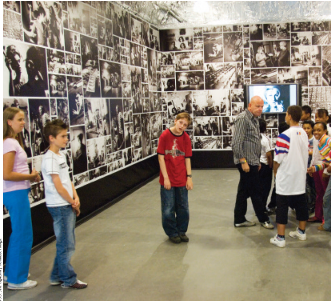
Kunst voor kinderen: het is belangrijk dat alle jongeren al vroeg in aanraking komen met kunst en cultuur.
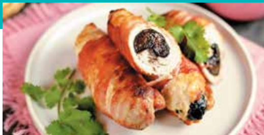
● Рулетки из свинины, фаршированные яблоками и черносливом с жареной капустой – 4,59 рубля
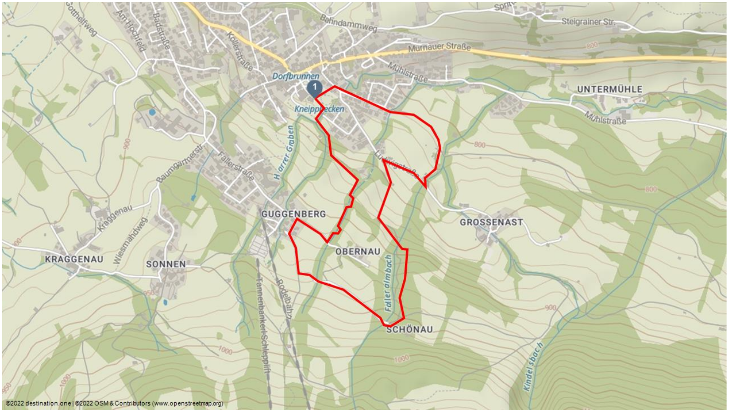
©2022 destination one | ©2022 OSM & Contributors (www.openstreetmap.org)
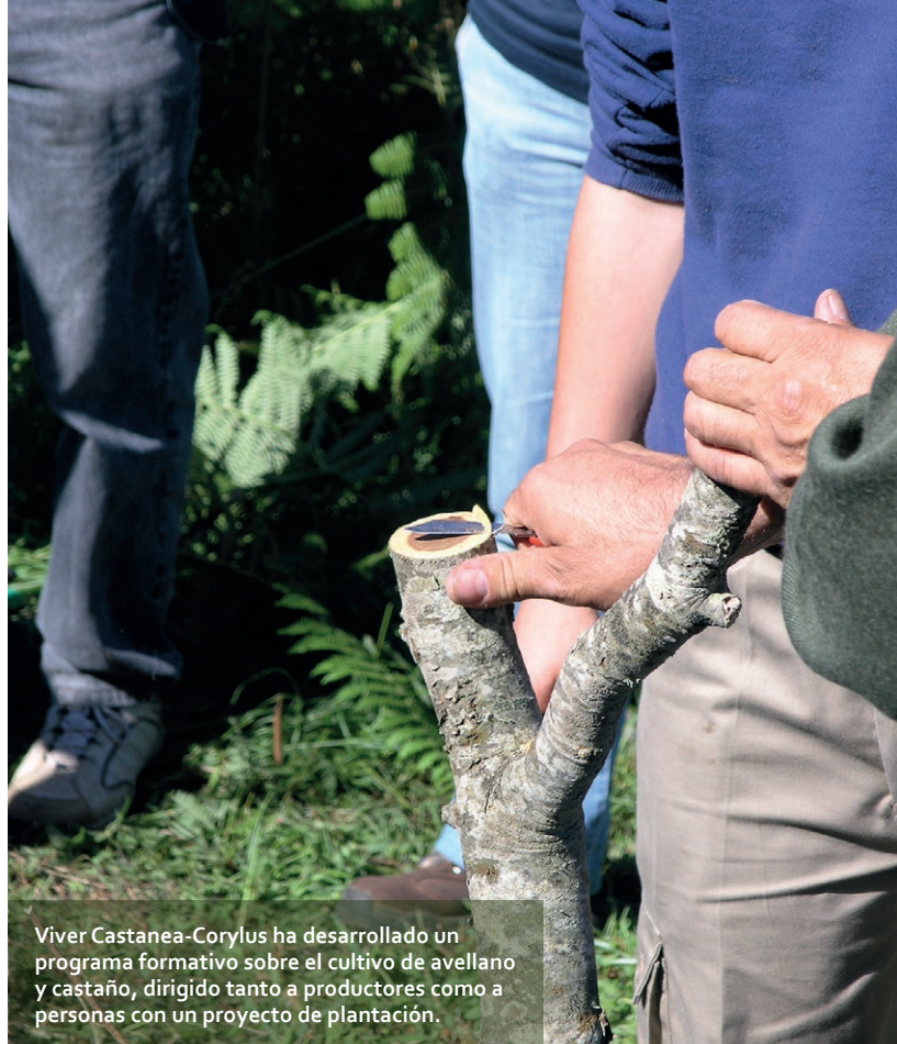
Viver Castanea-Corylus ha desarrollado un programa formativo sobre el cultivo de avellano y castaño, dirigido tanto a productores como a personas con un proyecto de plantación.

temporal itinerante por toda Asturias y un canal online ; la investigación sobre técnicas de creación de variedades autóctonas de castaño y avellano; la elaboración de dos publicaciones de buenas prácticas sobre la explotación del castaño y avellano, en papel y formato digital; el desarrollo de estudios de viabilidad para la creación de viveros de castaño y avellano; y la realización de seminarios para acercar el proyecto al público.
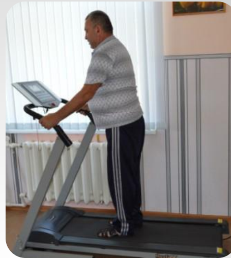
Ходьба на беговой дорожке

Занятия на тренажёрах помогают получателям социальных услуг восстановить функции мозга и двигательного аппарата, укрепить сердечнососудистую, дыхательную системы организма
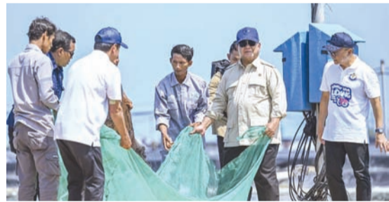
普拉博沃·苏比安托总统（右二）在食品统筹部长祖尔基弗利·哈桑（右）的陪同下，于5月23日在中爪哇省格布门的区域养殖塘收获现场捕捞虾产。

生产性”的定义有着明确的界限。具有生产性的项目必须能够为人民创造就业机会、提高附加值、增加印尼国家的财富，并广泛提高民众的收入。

⁂

Exercise instructions — Please restate the entries word for word. Skip the pictures.

Output below —
Kunst voor kinderen: het is belangrijk dat alle jongeren al vroeg in aanraking komen met kunst en cultuur.
● Рулетки из свинины, фаршированные яблоками и черносливом с жареной капустой – 4,59 рубля
©2022 destination one | ©2022 OSM & Contributors (www.openstreetmap.org)
Viver Castanea-Corylus ha desarrollado un programa formativo sobre el cultivo de avellano y castaño, dirigido tanto a productores como a personas con un proyecto de plantación.

temporal itinerante por toda Asturias y un canal online ; la investigación sobre técnicas de creación de variedades autóctonas de castaño y avellano; la elaboración de dos publicaciones de buenas prácticas sobre la explotación del castaño y avellano, en papel y formato digital; el desarrollo de estudios de viabilidad para la creación de viveros de castaño y avellano; y la realización de seminarios para acercar el proyecto al público.
Ходьба на беговой дорожке

Занятия на тренажёрах помогают получателям социальных услуг восстановить функции мозга и двигательного аппарата, укрепить сердечнососудистую, дыхательную системы организма
普拉博沃·苏比安托总统（右二）在食品统筹部长祖尔基弗利·哈桑（右）的陪同下，于5月23日在中爪哇省格布门的区域养殖塘收获现场捕捞虾产。

生产性”的定义有着明确的界限。具有生产性的项目必须能够为人民创造就业机会、提高附加值、增加印尼国家的财富，并广泛提高民众的收入。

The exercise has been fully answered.